Classic rooms start around $700/night in peak summer; Premier Ocean View rooms run about $900; Signature Suites from $1,400; Residential Suites from $2,200. Shoulder seasons (May, late September, October) typically run 25–40% lower. Off-season midweek can dip below $500.
Is Ocean House worth the price?
For the right traveler, yes. The combination of property, location, included amenities, and food is genuinely unusual — even compared to other luxury New England resorts. It's not worth it if you'll mostly be off-property exploring (you're paying for what's on-site) or if you'd rather be at a quieter, less programmed hotel like Weekapaug Inn.

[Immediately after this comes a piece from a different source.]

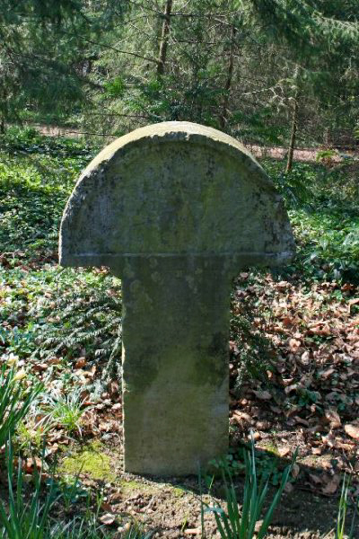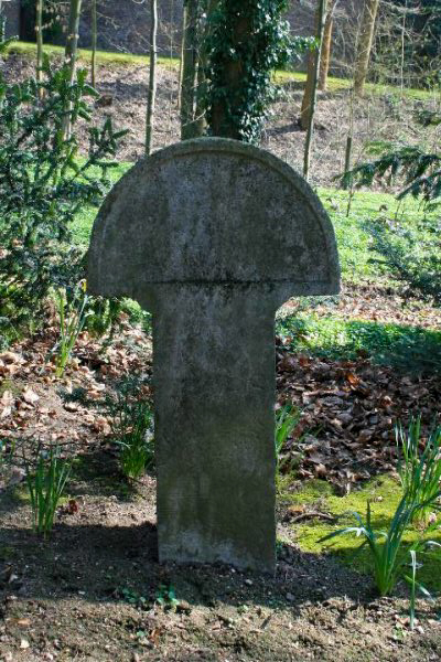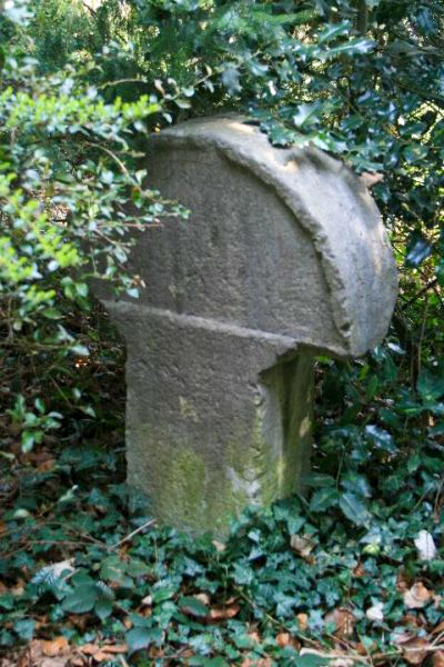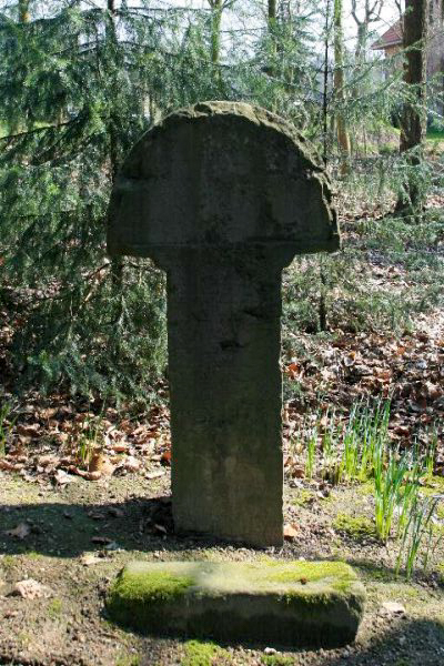 Das Relief des Oberteils lässt sich nicht mehr erkennen. Im Sockel stehen 2 Textzeilen, wovon man nur noch das Wort „JESVS” lesen kann. Die 3. Zeile besteht aus der Jahresziffer „1777“.
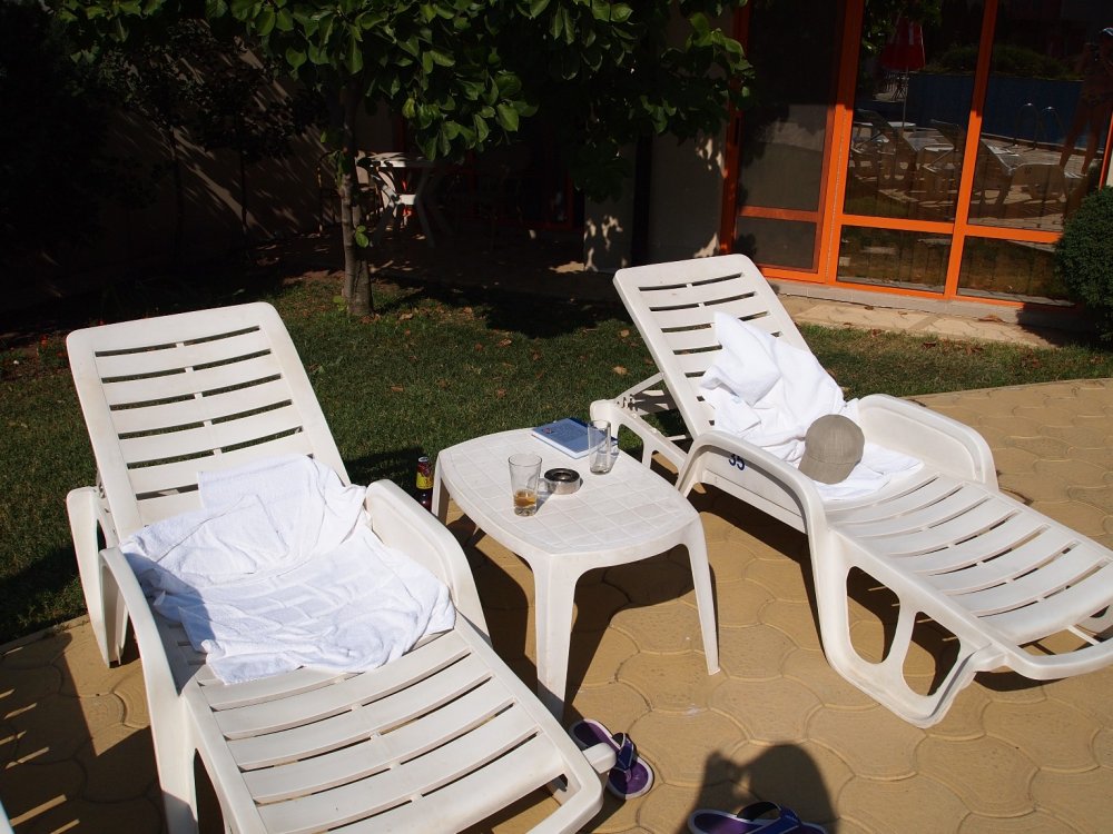 У нас был только завтрак. Да немного однообразно, но наедался нормально и есть выбор. Лежаков в принципе хватало. Был курьезный случай. Оставили два белых полотенца (гостиничных) на лежаках на ночь, утром одного нет... Пошли на рецепшен, чтобы предупредить. Девочка там так перепугалась, точнее думала, что наше полотенце украли. Когда выяснилось, что их белое полотенце махнула рукой и сказала отдыхайте спокойно. Была бы трагедия вселенского масштаба если ваша вещь пропала. Номер состоял из двух комнат, с выходом на бассейн. Росли деревья, постоянно была тень, стоял столик и стулья. Называли это место садочек. Я пошел в садочек...

Is Ocean House family-friendly?
Surprisingly so. The Sand Castles kids' program runs in summer, kids get welcome gifts in their rooms, children's menus are thoughtful, and the on-property cinema runs family movies most evenings. The pool, beach, and grounds give kids enough range to keep them busy. This is not just a couples' hotel.
Does Ocean House have a beach?
Yes — 650 feet of private white-sand beach with cabana service in season (additional fee for cabanas). Beach access is included for hotel guests, as well as for guests of Weekapaug Inn and Watch Hill Inn through the Ocean House Collection.

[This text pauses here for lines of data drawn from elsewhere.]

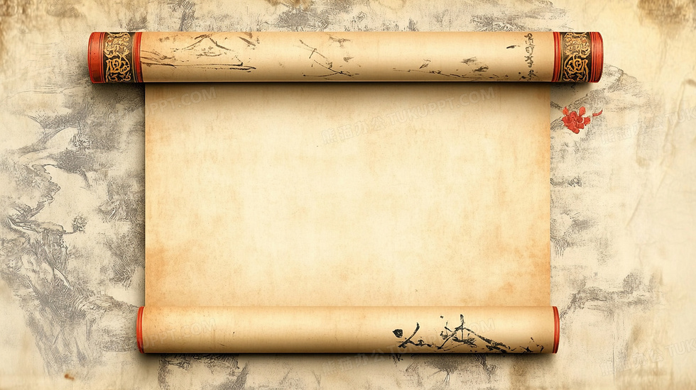 本作品内容为复古卷轴边框背景, 格式为 jpg, 大小3 MB, 图片尺寸为2912 x 1632, 作品中背景图片无需修改, 源文件无水印,可以直接使用, 欢迎使用熊猫办公。 如认为平台内容涉嫌侵权,可通过邮件:tousu@tukuppt.com提出书面通知,我们将及时处理。
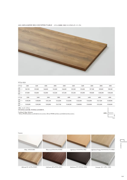VTA-027 メラミン化粧板共貼りビッグテーブル VTA-029 メラミン化粧板共貼りビッグカウンターテーブル
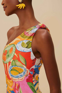 Embrace the vibrant allure of the Multicolor Summer Picnic One-Piece Swimsuit from FARM Rio. This uniquely captivating one-shoulder piece showcases a lively picnic-inspired print bursting with colorful fruits and tropical motifs. The playful, asymmetrical silhouette offers an effortlessly chic look, while the artistic design embodies the essence of sun-kissed joy. Perfect for adding a splash of Brazilian sunshine to your wardrobe. - Sleeve type: Sleeveless Ref.: sku_336741 Composition 75,5% POLYAMIDE 24,5% ELASTANE Care Instructions MAXIMUM WASHING TEMPERATURE 30°, MILD PROCESS, DO NOT BLEACH, TUMBLE DRYING POSSOBLE, DO NOT IRON, DO NOT DRY CLEAN

Is Ocean House open year-round?
Yes. It's the only Watch Hill landmark hotel that operates year-round, with full restaurant and spa operations. The other landmark properties (Weekapaug Inn, Watch Hill Inn) typically close for some portion of January through March.
What's the dress code at Ocean House?
Smart casual minimum throughout the property. Coast restaurant trends dressier in the evening — jackets aren't required but make you blend in. The Verandah and Bistro are explicitly smart casual: no flip-flops, no tank tops, no swimwear. Pool and beach areas are come-as-you-are within reason.
Can non-guests dine at Ocean House?
Yes. All five restaurants accept non-hotel guests, though reservations are essential at Coast and recommended at the Bistro and Verandah in season. This is a viable way to experience the property without booking a room — book a Verandah cocktail at sunset and you've had the photographable Ocean House moment.